Recorded data

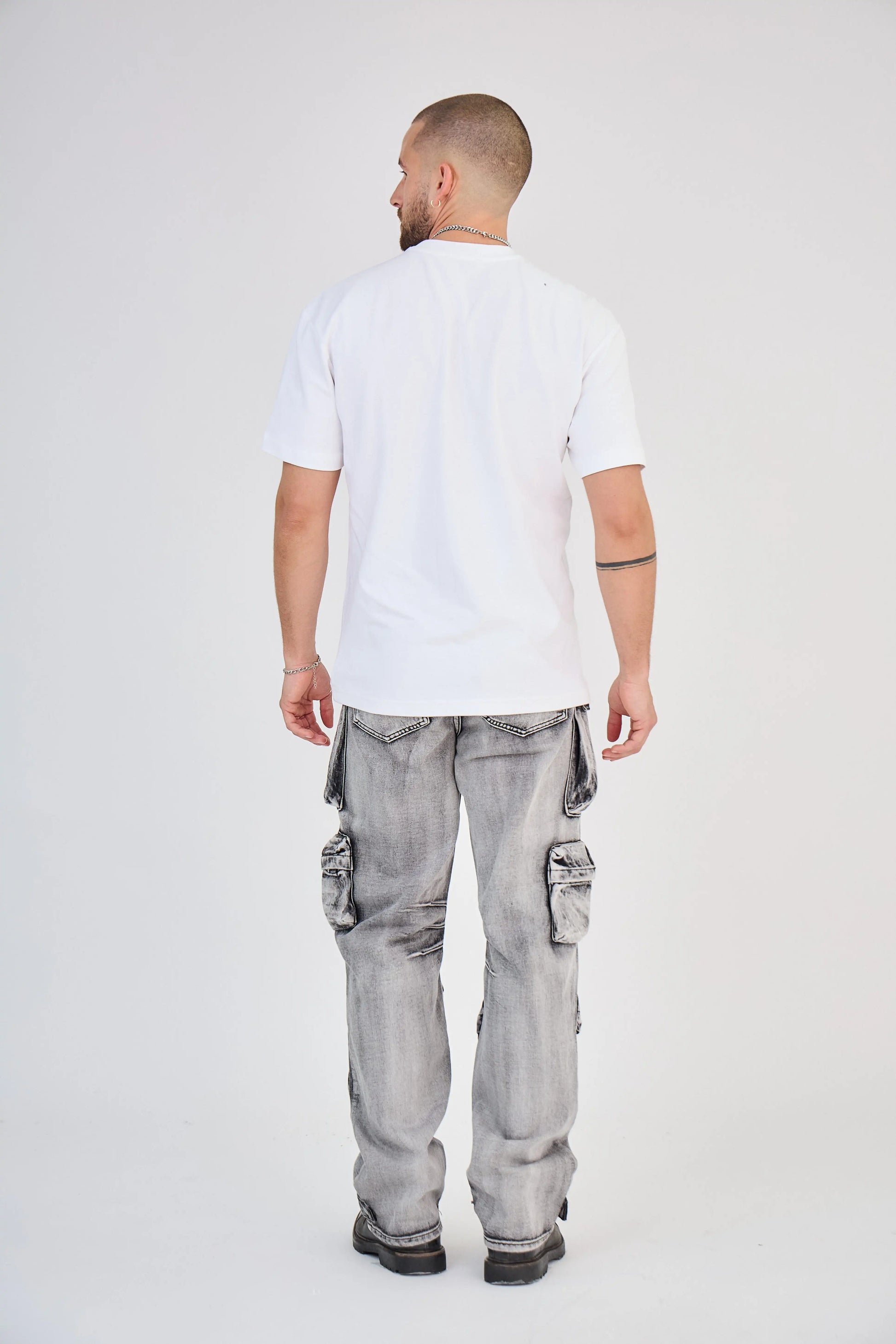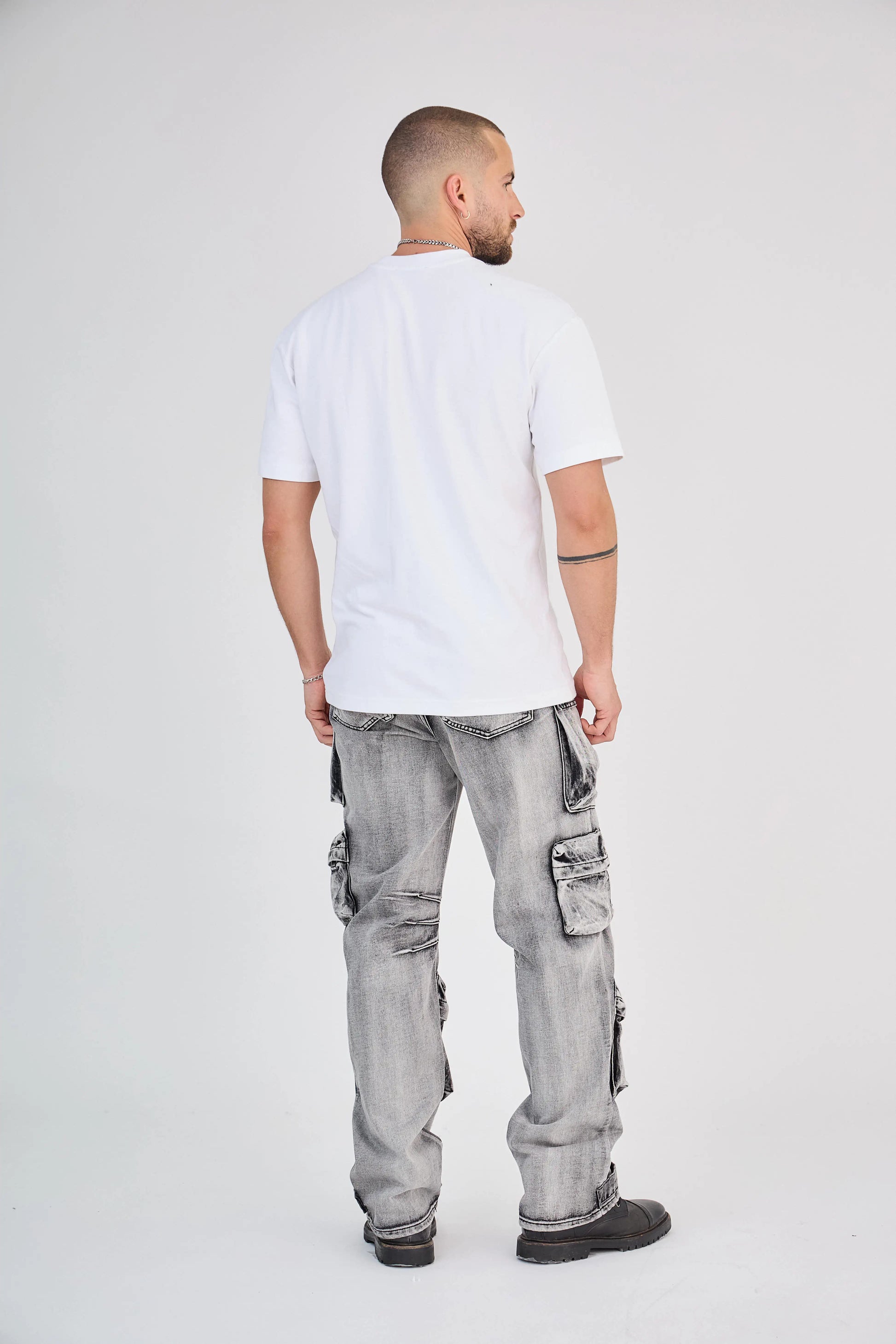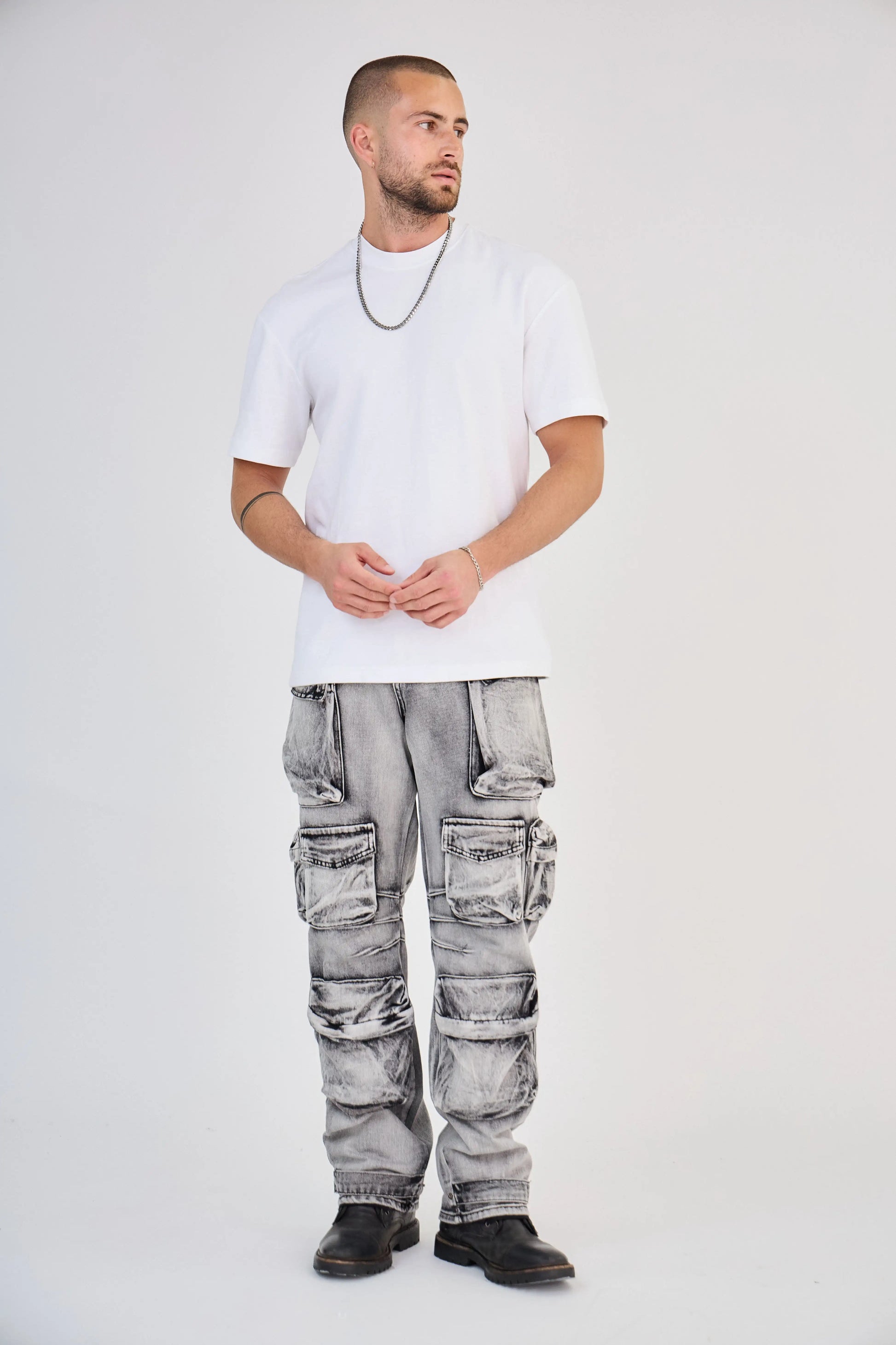 Jean Cargo Multi-Poches Délavé Gris Clair
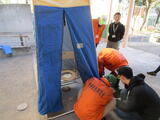 避難所を開設するときの手順や、用具の使い方などを確認しました。
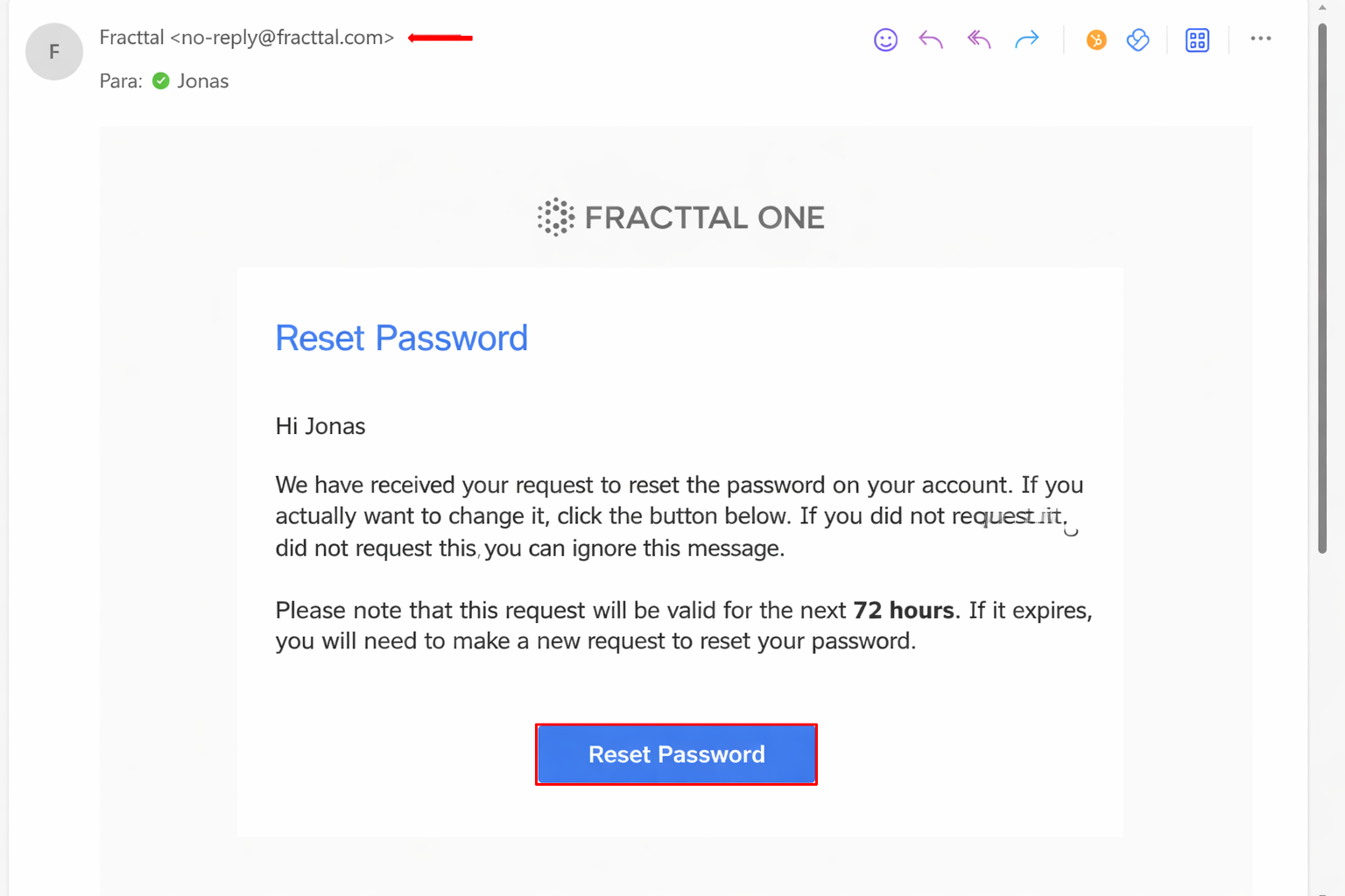 - Access your email inbox and locate a message sent from the address: no-reply@fracttal.com.
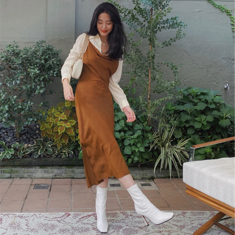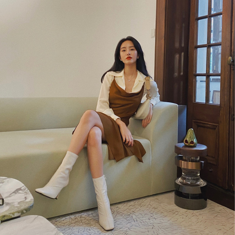 French MAJE Yang mining the same style of retro style pendant with skirt-suit shirt skirt laminated with two sets of women
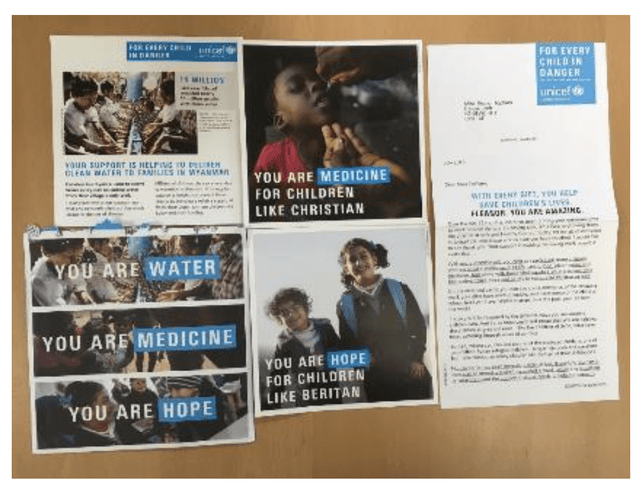 UNICEF use personalisation in their thank you letter to directly connect the donor and beneficiary.
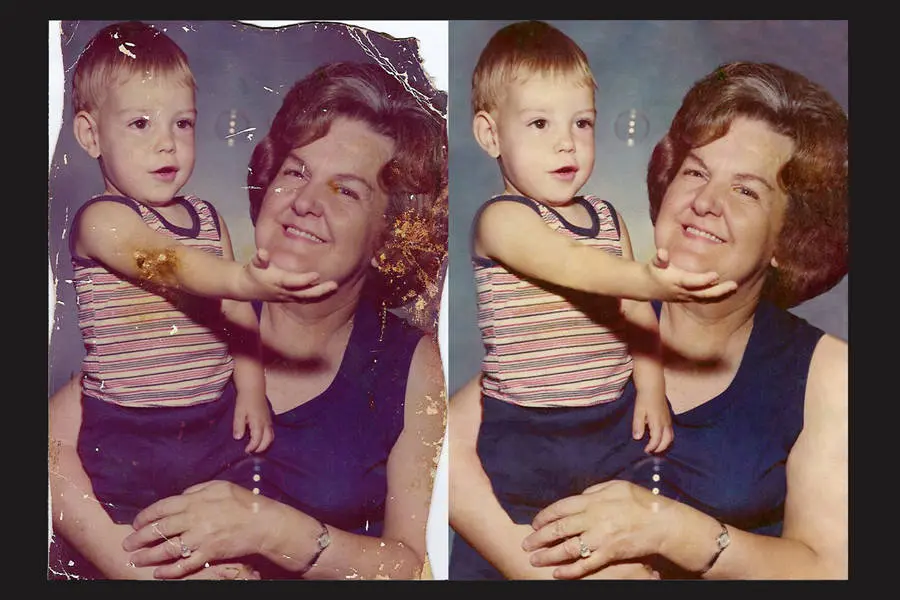 Repairing severely torn or damaged images, add or remove a person or object from a photo, change background, add color to a black & white photo.
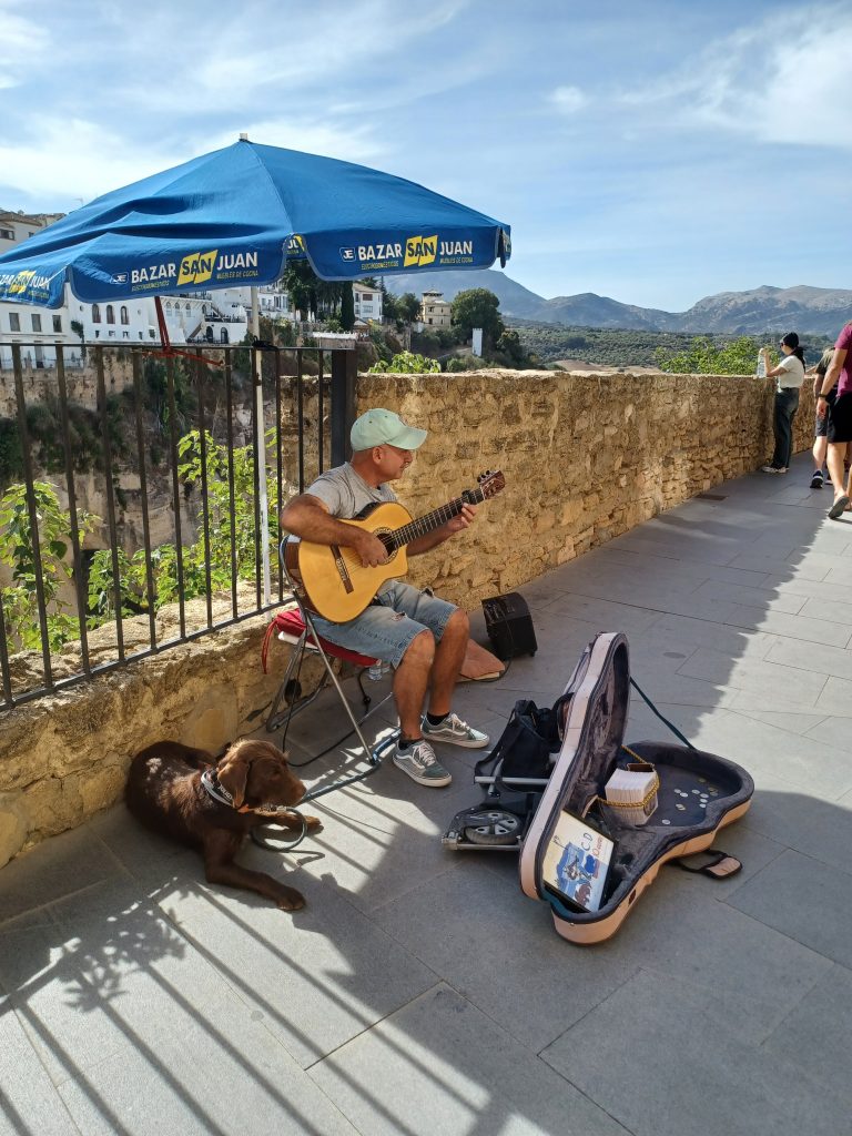 There are steps leading down into the gorge and I can see people hiking up and down them. A guitarist plays ‘Memories of the Alhambra’, on the pathway alongside the gorge, while his dog sits in the shade alongside. I buy one of his CDs, the guitarist’s I mean. He is very proficient. I like guitar music. Plenty of gift shops are open selling the usual Spanish paraphernalia, such as fans, ceramic bulls, tee-shirts and socks adorned with bulls or flamenco dancers, and fridge magnets.

» **TASK DETAILS**: All that should be returned is the run of lines from the start of the entries above to the line bearing "UNICEF use personalisation", each exact, with pictures omitted.

» **ANSWER TO THIS EXERCISE**:
 Jean Cargo Multi-Poches Délavé Gris Clair
 避難所を開設するときの手順や、用具の使い方などを確認しました。
 - Access your email inbox and locate a message sent from the address: no-reply@fracttal.com.
 French MAJE Yang mining the same style of retro style pendant with skirt-suit shirt skirt laminated with two sets of women
 UNICEF use personalisation in their thank you letter to directly connect the donor and beneficiary.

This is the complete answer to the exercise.